Eu estou outra vez exilado, mas agora cá dentro, como diz Daniel Filipe. Continuo a trabalhar no meu ofício, no meu namoro com a menina gigante mas sem saber neste momento em que combate combater. Qual será a chave escondida deste beco sem saída? Se a minha gente se esqueceu da pergunta: de quem é o carvalhal? E muito mais da resposta.

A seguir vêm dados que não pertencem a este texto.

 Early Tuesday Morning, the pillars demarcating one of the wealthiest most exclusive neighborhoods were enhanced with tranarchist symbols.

Não há nenhuma ribalta ideológica, artística ou moral na qual me faça sentido exibir este tipo de trabalho que ando a fazer. Ou irei repetir tudo, com a plateia a acender isqueiros como velas de Fátima, para alumiar a nossa incompetência histórica. Para pentearmos um macaco. Para perfilados de medo disfarçarmos o medo que nos salva da loucura. E para cantarmos que vimos de longe e vamos para longe, se já nos esquecemos de onde viemos e para onde vamos.

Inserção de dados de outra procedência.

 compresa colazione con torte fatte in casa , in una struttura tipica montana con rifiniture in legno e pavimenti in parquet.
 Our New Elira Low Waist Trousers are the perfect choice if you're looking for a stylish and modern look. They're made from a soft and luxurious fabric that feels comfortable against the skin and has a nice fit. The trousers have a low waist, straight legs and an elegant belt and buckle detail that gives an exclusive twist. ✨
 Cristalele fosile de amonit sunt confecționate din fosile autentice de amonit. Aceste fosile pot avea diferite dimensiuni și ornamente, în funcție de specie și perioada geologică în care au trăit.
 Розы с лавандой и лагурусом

A culpa dos heróis é serem sempre poucos. Acaso somos mais? Ou tão somente loucos? Conseguiremos ser loucos o suficiente para não nos contentarmos em gritar “agarra que é ladrão!”, mas sim corrermos, todos e cada um, atrás do ladrão e impedir que nos continuem a roubar na empresa, no bairro, na escola, em cada comunidade? Águas paradas não movem moinhos. Raiz, palavra de onde vem “radical” e “radicalidade” é o que está na base de todos os problemas e de todas as soluções. Raiz, onde é que estás? Raiz de mim...
Não estou hoje aqui nem em palco nenhum. Se decidirem mudar de vida, contem comigo. Eu não esqueci que a cantiga é uma arma. Mas a cantiga só é arma quando a luta acompanhar.»